Both economic developing models show the state’s orienting role and intervention into the national economy but their natures are completely different.           

The model used by the former USSR aims to the political goal, which is combined with preserving the institution. The state’s power is mainly based on holding industries and the close relations among individuals in the cabinet and state-owned enterprises. In this model, the state’s investment policy is ruled by some interest groups.

In successful Asian countries, the economy is under the supervision of powerful state bodies, in which the state’s policies are not controlled much by personal relations or corruption but based on state bodies’ management capability.        

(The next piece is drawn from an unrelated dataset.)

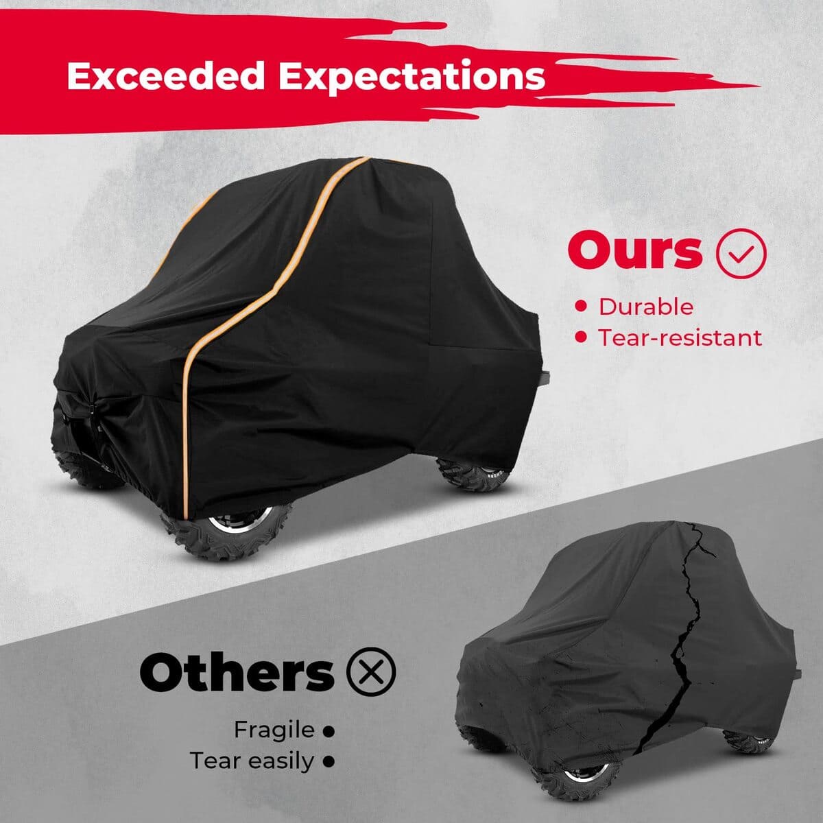 - Strong Protective & Durable: Our cover waterproof strips seam with double-stitched, which is not easy to seep even under 2400 Pa water pressure and durability in harsh weather. The cover is designed with an adjustable elastic cord at the bottom, which allows it to adjust to the suitable size easily. It also has strong UV protection making the UTV anti-aging and more durable.

The state’s intervention plays the role of orienting the change of economic structure towards modernization and increasing the technological content in domestic products. Specifically, in the government’s economic policies, investment is usually given priority to the fields that can help transfer economic structure towards industrialization, raising labor productivity and competitiveness of enterprises and the entire economy. 

Another basic difference between the two models is in the model of the former USSR, the state cannot and is not willing to punish SEGs and state-owned enterprises in particular when they do business at loss. Meanwhile, the model applied by developed Asian countries forces enterprises to do business at profit, otherwise they must accept bankrupt. Competition is the most important driving force for renewing technology, increasing labor productivity and resource performance.          

Researching the difference of these economic models in various aspects will help find out a model of SEGs that is appropriate to Vietnam’s social and economic conditions.